Can China's Xiaomi make it globally?
Like some other Chinese brands, Xiaomi doesn’t exactly have the easiest name for westerners to pronounce. But on Thursday, the name was spoken worldwide after the company hired a former Google executive to lead its global expansion.
The hiring is the latest in a string of successes for a company that only began selling Android phones in China two years ago. Xiaomi product launches are so anticipated in the country that its phones routinely sell out, forcing millions of customers to wait for more stock.

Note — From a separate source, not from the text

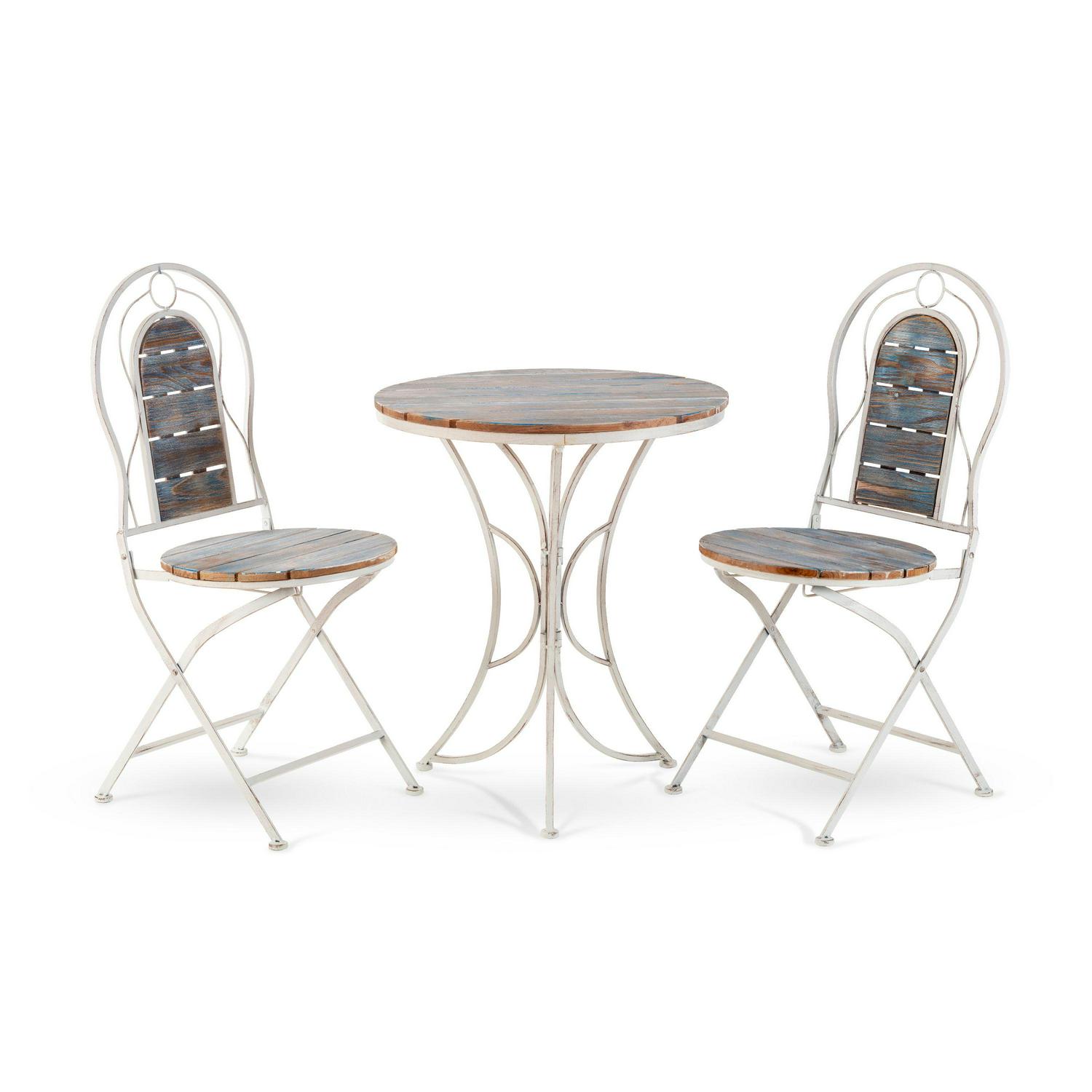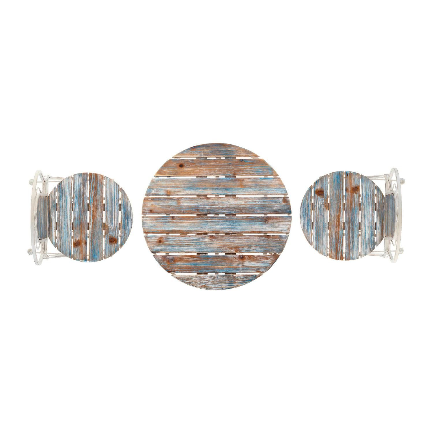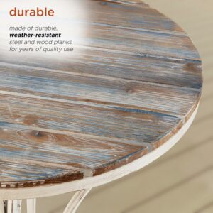 Alpine Corporation 3-Piece Outdoor Patio Rustic Bistro Set, Durable Steel and Wood, Blue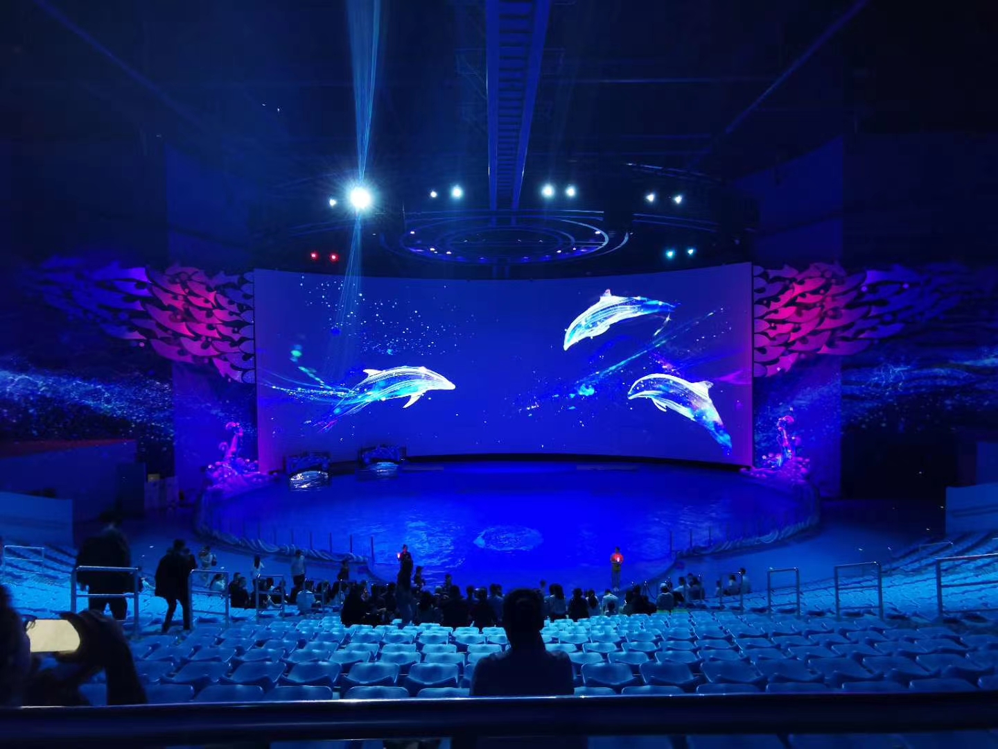 夢幻海豚劇場,超大海洋觀景空間,通過燈光與聲音營造場景氛圍,引導及推動表演的進行。一幕幕獨特新穎的表演形式、炫彩華麗的燈光舞美,讓人仿佛置身深邃的海洋之境,感慨人與自然的和諧共處。

Expectations for the company are also high, with some saying Xiaomi is China’s answer to Apple.
But to expand outside its home market, Xiaomi faces a difficult road that other Chinese handset makers are still trying to navigate, according to analysts. They point to challenges with raising brand awareness, potential patent disputes, and whether Xiaomi can go head-to-head against foreign tech giants with a history of innovation.
“There’s still some debate as to how much is Xiaomi an innovative company, and how much of their innovation is just really good public relations,” said David Wolf, a technology consultant at public relations firm Allison+Partners. “I think we are coming to the point where we are going to find out.”
Appealing to the crowd
Xiaomi, pronounced She-ow Me, means “Little Rice” in English and was created partly because of its CEO’s dissatisfaction with the handsets he owned.
“If I don’t feel the phones are good enough, I want to change it. But I myself don’t have the power to change the phones,” Xiaomi CEO Lei Jun said in an interview in May. “For example, if I gave my advice to Nokia’s R&D vice president, will he change it? No, he won’t change it.”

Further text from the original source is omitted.